Following the abolition of the Ryûkyû Kingdom, and annexation of its lands by Japan in the 1870s, the new government of Okinawa prefecture instituted a policy known as kyûkan onzon, or "the preservation of old customs." It was believed that abolishing the Kingdom's administrative structures and tax system overnight would be too difficult administratively, and would inspire anger and rebellion from many in the kingdom. To a large extent, this was likely true, especially in terms of retaining some degree of cooperation or at least acquiescence by the scholar-aristocracy.

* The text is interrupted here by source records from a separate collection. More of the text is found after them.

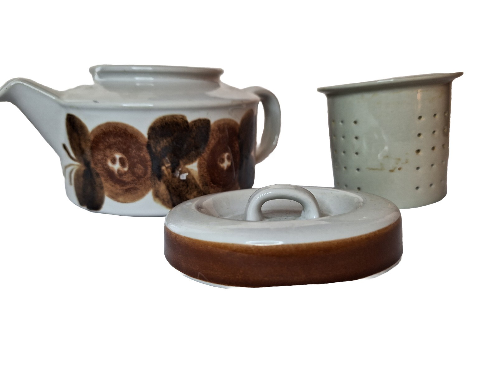 Description: This Arabia tea pot set is a beautiful addition to any kitchen or collection. The set includes a strainer, lid, and 3-piece pot in a lovely brown color with a pattern. Made with porcelain, stoneware, and ceramic materials using pottery techniques in Finland, this set is a unique and high-quality find. The product line is Anemone and is Ulla Procope. Perfect for any tea lover or collector, this set is sure to impress.
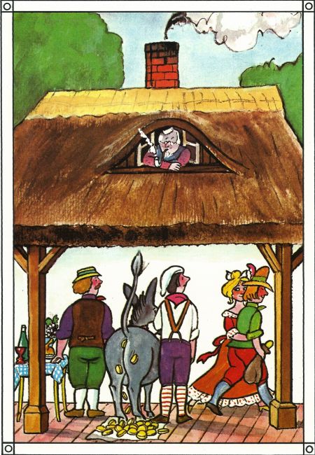 Tischlein deck dich, Goldesel streck dich und Knüppel aus dem Sack „Sage ich Knüppel aus dem Sack, so springt der Knüppel heraus und ...“ Thomas Schleusing pinx. - © Brigitte Schleusing
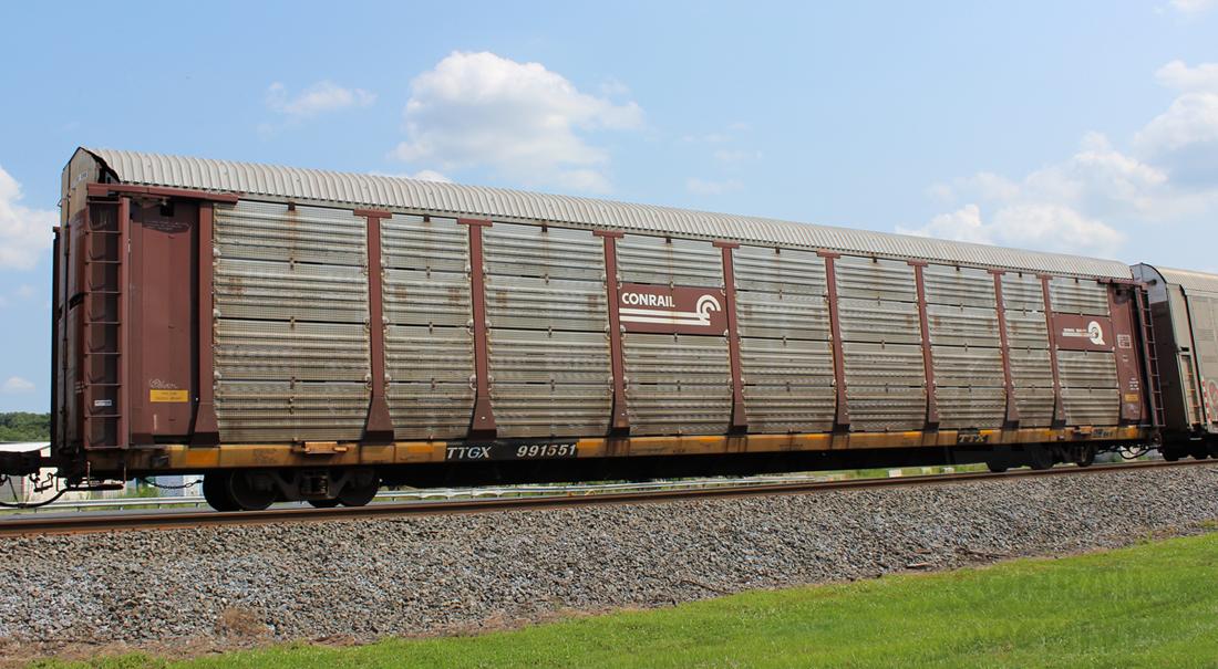 TTGX 991551 is seen in the consist of NS 11J at Harrisburg, PA on 8/9/14. Rack number is CR 10313, built 12-94 and is now owned by CSX.

However, the Miyako Islanders felt that the poll tax, and other obligatory payments imposed on them by the Kingdom for centuries, were oppressive and needed to be abolished. Thus, in 1893 to 1895, they organized a series of protests, which eventually even included sending protestors to speak before the Imperial Diet in Tokyo. A folk song called Jintôzei haishi no kuichaa ("Song for the Abolition of the Poll Tax") was also written and performed by the protestors.

References

  • Mire Koikari, “Rethinking Okinawa and Okinawan Studies: Three Perspectives. 40 Years since Reversion: Negotiating the Okinawan Difference in Japan Today," The Journal of Asian Studies 76:3 (August 2017): 798.